Зеркало. Избранная проза - [203]
— Я устала, — вздыхает она. — Ах, как устала.
Гондола причаливает. Они втроем входят в отель. Лифт сначала останавливается для Люки, она живет в первом этаже.
— Доброй ночи, — говорит Тереза.
— Доброй ночи.
Люка кивает Тьери и бежит по коридору в свою комнату.

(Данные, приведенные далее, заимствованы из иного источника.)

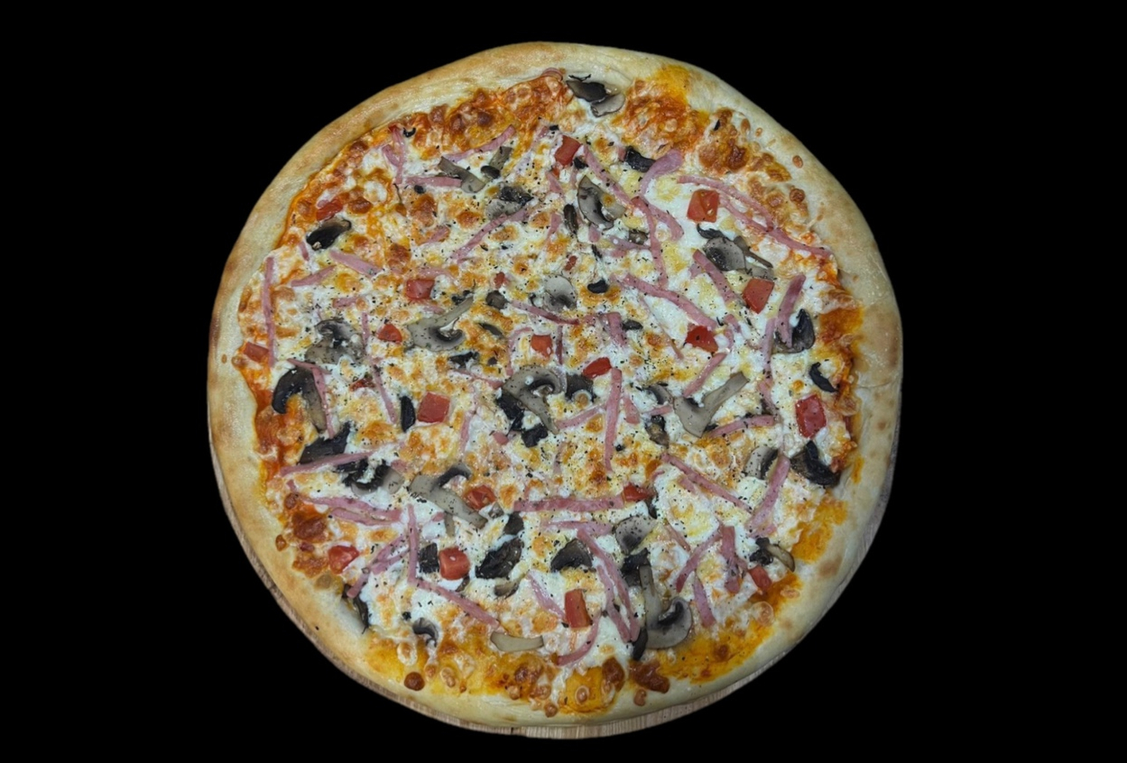 Фирменный соус, сыр моцарелла, сыр Гауда, ветчина, шампиньоны, помидор, травы.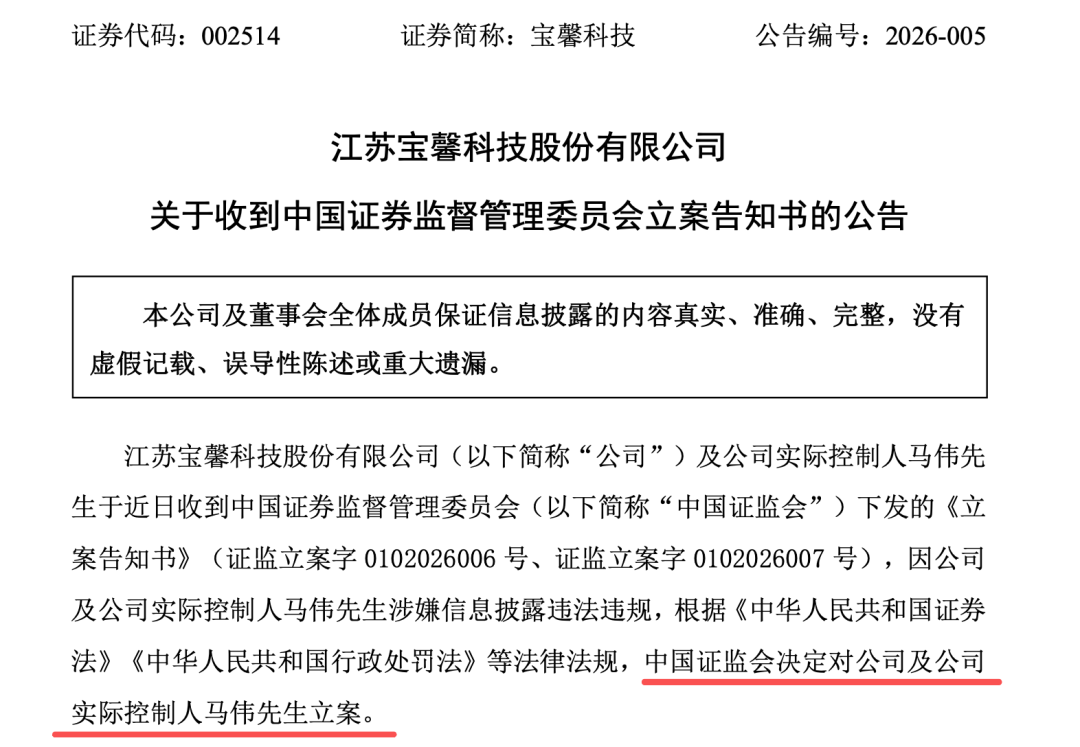 宝馨科技(002514)1月30日晚间公告,公司及实控人马伟于近日收到证监会下发的《立案告知书》,因公司及马伟涉嫌信息披露违法违规,根据相关法律法规,证监会决定对公司及马伟立案。

Она переодевается в костюм юнги, надевает фуфайку с вышитым на груди якорем. «Якорь надежды символ». Символ. Вол надежды. Да, терпеливый вол… Сколько терпения! «Счастье — это долгое терпение»… Где, когда читала она это? Какой вздор. Сейчас кончится горе, кончится, не может не кончиться, сейчас она перешагнет порог, отделяющий горе от счастья. Но почему она так волнуется? Она снова выходит в коридор, она поднимается по лестнице — поднимается вверх, в рай, к Тьери. Как правильно, что его комната выше, что она должна подняться, а не спуститься к нему. Его дверь. Она на минуту останавливается, прислушиваясь, потом стучит и открывает дверь. Тьери стоит перед ней в длинном сером шелковом халате. На ночном столике горит розовая лампа.
— Это ты?
В голосе Тьери ни радости, ни досады — одно удивление.
— Разве ты не ждал меня?
Он не отвечает. Она подходит к нему совсем близко. Она наконец одна с ним. Он стоит перед ней прямой и неподвижный, чопорный, неестественно элегантный. Сияющая улыбка — как щит. Что за ней? Он улыбается, он молчит.
Розовый свет наполняет комнату, розовый отсвет ложится на его сведенное улыбкой бледное лицо. От этого оно кажется жестоким и веселым. Только кажется. Нет, она знает — он не весел, он не жесток. Она поднимает руку, она гладит шелковый рукав его халата, не решаясь поцеловать его руку.
— Я так ждала тебя.
И он объясняет, что не мог раньше, что его задержала мать. Неужели он думает, что она упрекает его?
— Теперь все хорошо, ты со мной, Тьери. Мне было тяжело, мне было страшно без тебя, Тьери.
Она говорит «страшно» и чувствует, что ей действительно было страшно, что ей и сейчас страшно. Она снимает руку с его рукава, она отступает на шаг.
— Мне надо что-то сказать тебе. Сядем на кровать.
— Нет, на диван, — говорит он.
Они сидят рядом на диване. Почему он не захотел, чтобы она села на кровать? Но она не спрашивает. Она отворачивается к открытому окну и, не глядя на Тьери, быстро говорит:
— У меня, у нас скоро будет ребенок.
И, помолчав, добавляет:
— Вот.
«Вот» — это начало несказанной фразы: «Вот ты теперь знаешь, и все хорошо». Теперь он будет радоваться, благодарить ее. В окно видна площадь, собор св. Марка и венецианская ночь. Она смотрит в окно, она ждет. Но ничего хорошего нет. На радость и благодарность тоже не похоже.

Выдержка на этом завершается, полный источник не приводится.